This also happens in compltely normal operation, like if you're using a TCP-base...

wumpus · on Aug 23, 2016

Uh, no. Alltoall is a challenge for MPI, but not for the reason you describe. TCP windows mean that the receivers aren't the problem. It's all the switch queues in the middle.

dekhn · on Aug 23, 2016

welp, I measured the problem on my machines, and enabling pause frames on the switches fixed the problem...

vardump · on Aug 23, 2016

TCP windows won't save you. TCP has no way to magically know when some buffer is full. Instead it notices packet loss and interprets it as congestion. Which is not what you want, because it can significantly reduce throughput.

r4um · on Aug 23, 2016

Yes it does, receiver side advertises window as 0 and persist timer kicks in.
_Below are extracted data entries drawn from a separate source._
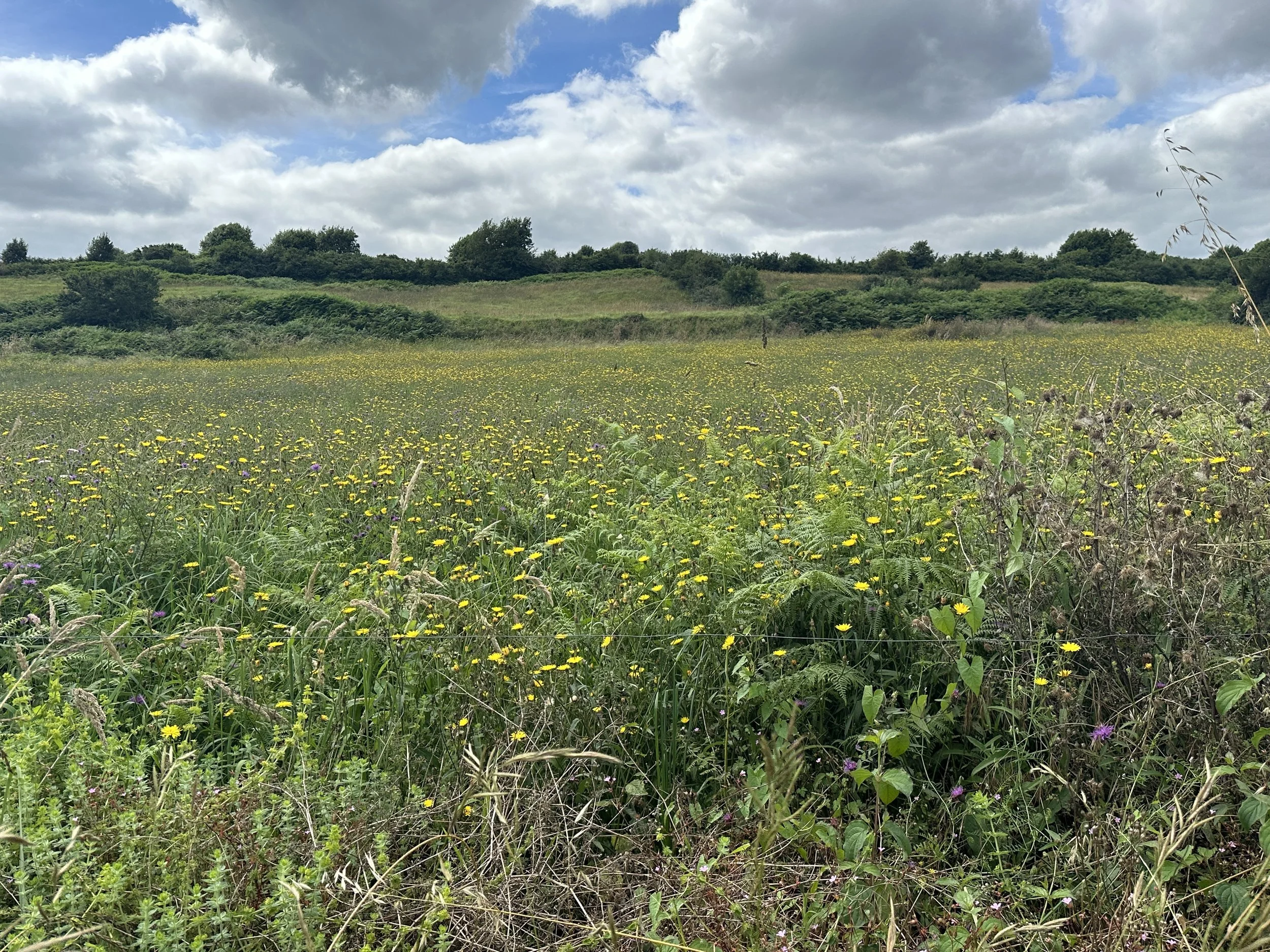 The walking from here was flat and easy. Though the day was bright and blue, and most of the route was quite exposed, there were enough clouds to shroud us from the worst of the sun and light breezes to keep us cool as we walked. The landscape was a mix of fields – crops, weeds, flowers – sometimes tall grasses in the ditches blocked any further view. But it was always green.
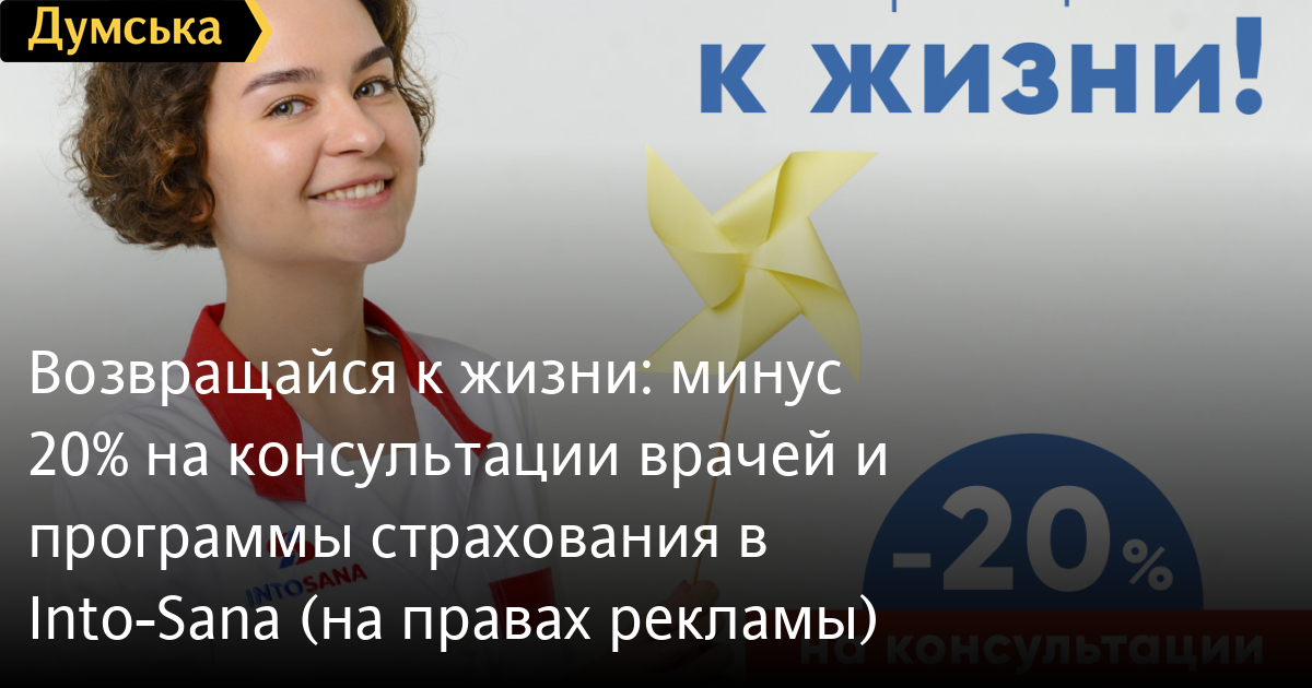 «Возвращайся к жизни»: минус 20% на консультации врачей и программы страхования в Into-Sana (на правах рекламы)Во время карантина вопросы медицины, не связанные с коронавирусом, ушли на второй план, но здоровье не учитывает ограничений и часто не терпит промедления. А ведь именно сейчас, во время угрозы COVID-19, очень важно поддерживать общее состояние здоровья, а течение хронических заболеваний тем более требует профессионального наблюдения. Прошедший период оказался тяжелым для граждан Украины не только из-за тягот самоизоляции и срыва планов, но также из-за экономических трудностей. Для того, чтобы облегчить для жителей Одессы и Киева возврат к прежней жизни, Into-Sana запускает инициативу «Возвращайся к жизни» и снижает стоимость консультаций своих специалистов на 20% с 12 по 25 мая. Кроме того, компания предлагает скидку 20% на программы страхования «Ургентный стационар», «Скорая медицинская помощь» и «Неотложная диагностика». «Забота о здоровье – основной залог качества жизни. Мы вместе пережили этот период и понимаем, как важна сейчас поддержка. Поддержка государства, поддержка от бизнеса, поддержка человек-человеку. Мы делаем этот шаг, чтобы облегчить выход из карантина для украинцев», – говорит генеральный директор Into-Sana Галина Усенко. Снижение цен произойдет в медицинских центрах Into-Sana в Одессе: ул. Варненская, 2; ул. Варненская, 1; ул. Академика Королева, 17; ул. Давида Ойстраха, 28; и Киеве: ул. Нижний Вал, 49а; ул. Днепровская набережная, 25; ул. Раисы Окипной, 4б. Into-Sana – сеть медицинских центров в Киеве и Одессе, основанная в 1995 году. Сегодня Into-Sana — это скорая медицинская помощь, многопрофильная клиника, услуги медицинского страхования, широкий спектр услуг по диагностике, собственная клиническая лаборатория, современные поликлиники с большим выбором специалистов, круглосуточная хирургическая помощь, современное стационарное отделение. СМЕРТЬ РОСІЙСЬКИМ ОКУПАНТАМ! Помітили помилку? Виділяйте слова з помилкою та натискайте control-enter |
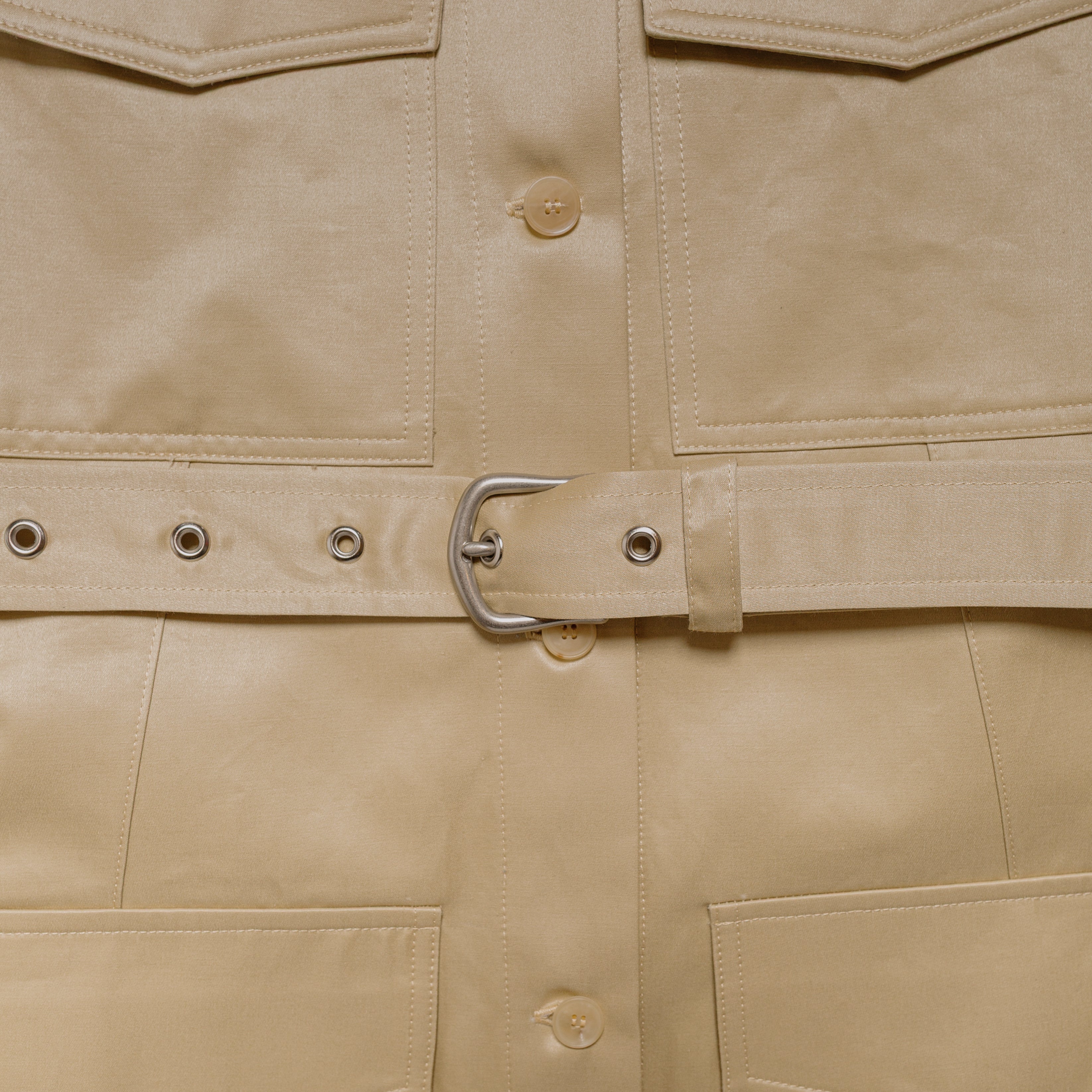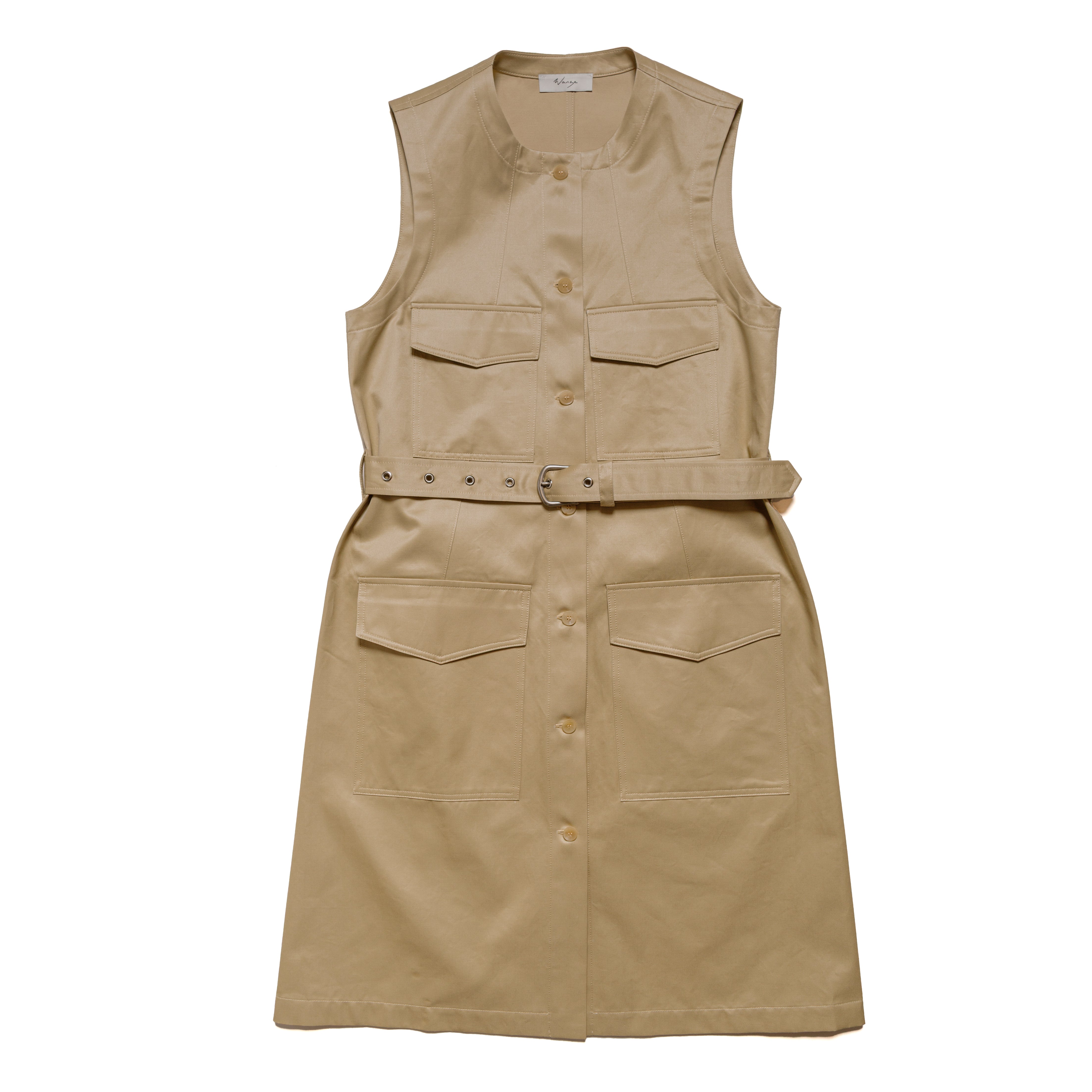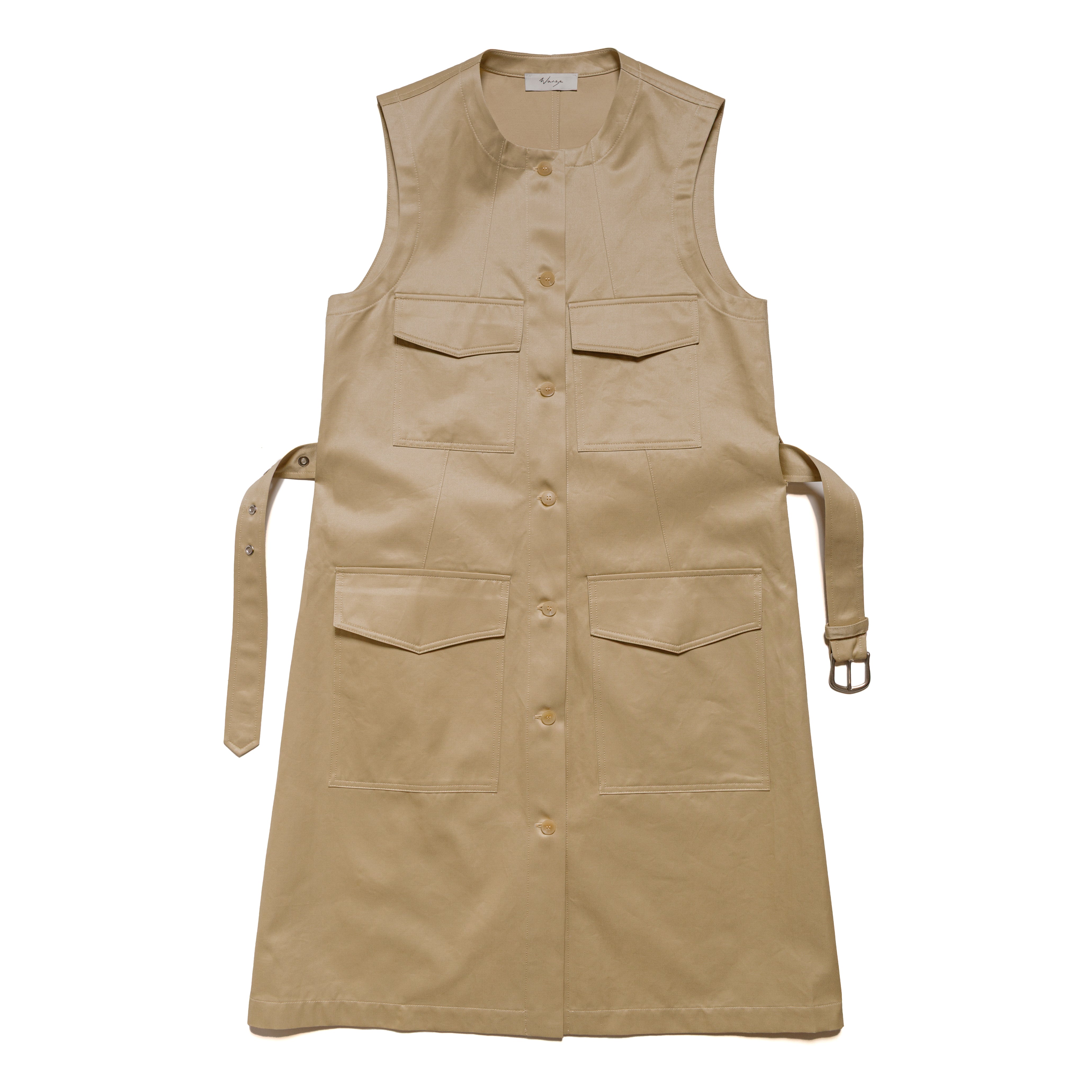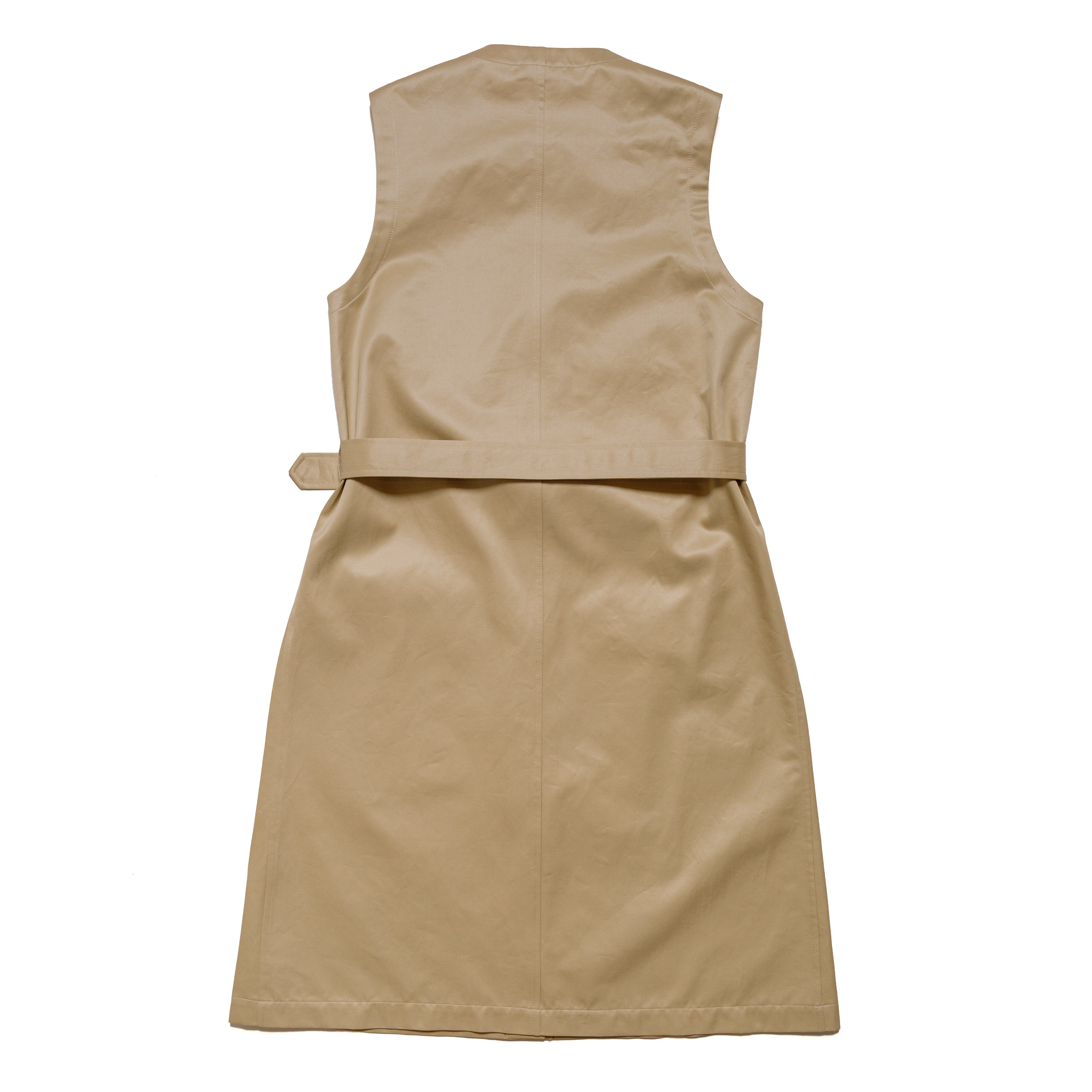 A refined take on utilitarian style, this gilet dress features a slim, tailored silhouette with military-inspired patch pockets at the chest and hips. Long darts extend from neck to hem, enhancing its structured shape. Designed for versatility, it can be worn open as a vest or buttoned up and cinched at the waist with the included belt for a more defined look.
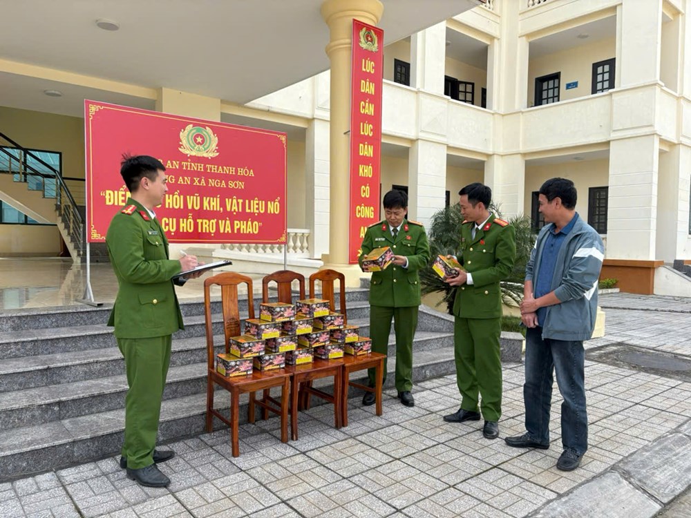 Ở chiều tích cực, thông qua công tác nắm tình hình, tuyên truyền, vận động nhân dân chấp hành nghiêm các quy định của pháp luật, vừa qua Công an xã Nga Sơn đã vận động anh Nguyễn Khắc Thơm (sinh năm 1977, trú thôn Yên Khoái) tự giác giao nộp 30,4kg pháo hoa nổ.
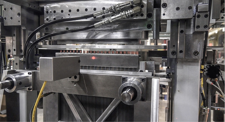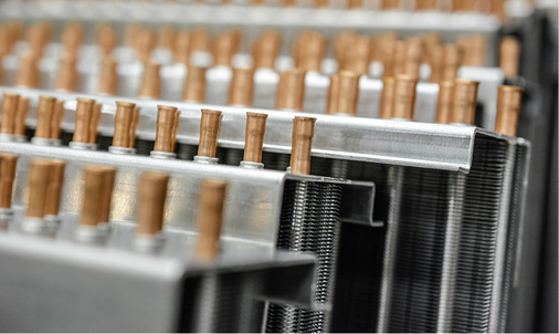 Alle oben genannten Schritte sind voneinander unabhängig, und mit der speziellen Ausrüstung ist ein Zwischenprodukt für den nächsten Schritt in der Fertigungslinie möglich. Jeder Schritt hat sich entwickelt und wurde in hohem Maße weiter verfeinert. Beim Stanzen der Lamellen werden beispielsweise hochentwickelte Lamellenmaschinen verwendet, die eng platzierte Lochmuster und optimierte Kragenhöhen erlauben. Die Pressen verfügen im Stanzprozess über eine Presskraft von 160 Tonnen bei hohen Durchlaufgeschwindigkeiten und geringem Standflächenbedarf. Pressen mit hoher Presskraft ermöglichen die Verwendung von dickeren Lamellen und Lamellenmaterial mit höherer Zugfestigkeit. Die Entwicklung der Lamellenform und das nachfolgende Stanzen sind Schlüsselelemente für die wettbewerbsfähige Produktion von Wärmeübertragern [11, 12, 13]. Weitere Fortschritte beinhalten die Entwicklung verschiedener Methoden der Rohraufweitung, die im Folgenden beschrieben wird.
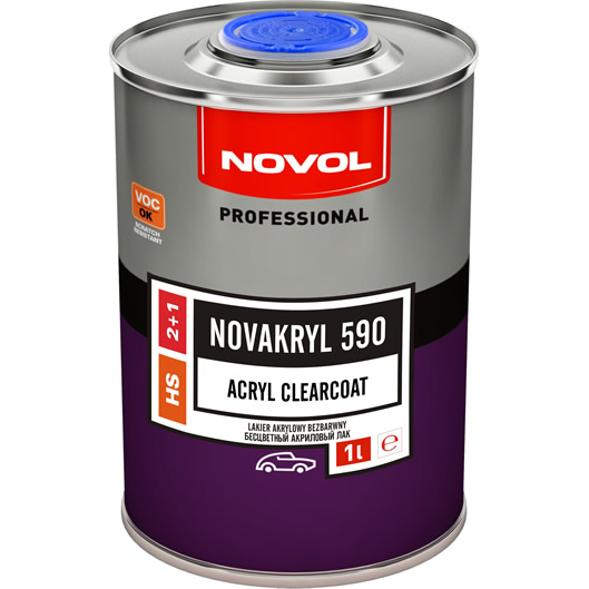 NOVOL Novacryl 590 to bezbarwny lakier akrylowy o dużej zawartości części stałych i o zwiększonej odporności na zarysowania (SR Scratch Resistant). Wysoka twardość, odporność na UV i warunki atmosferyczne gwarantują wysoką trwałość, a połysk i „głębia” znakomity wygląd lakierowanej powierzchni. Zalecaną grubość powłoki uzyskujemy przy aplikacji lakieru na półtorej warstwy. Dobra rozlewność i szybkie wysychanie zapewniają łatwą naprawę i krótki czas przebywania w kabinie lakierniczej. Występuje w wersji z utwardzaczem wolnym, standardowym lub szybkim. Wybór odpowiedniego utwardzacza uzależniony jest od warunków aplikacji. Ze względu na swoje właściwości NOVAKRYL 590 jest lakierem pozwalającym na łatwe odwzorowanie oryginalnej struktury fabrycznej lakieru.

The send call then blocks until window recovers.

vardump · on Aug 23, 2016

That's the problem when you don't really even have any congestion, but just very high packet loss caused by small buffers. Transfer rate drops to nothing.

With pause frames you can avoid that situation.

bcook · on Aug 23, 2016

There's many types of TCP congestion algos and not all of them require dropped packets to begin the congestion avoidance.

dekhn · on Aug 23, 2016

In fact, at the time, I was working at LBL in a lab that developed new congestion avoidance algorithms. The problem was that most of our tuning for was for long-range links, while I was using the cluster for local high performance networking.

fanf2 · on Aug 24, 2016

The magic phrase for this problem is "TCP incast"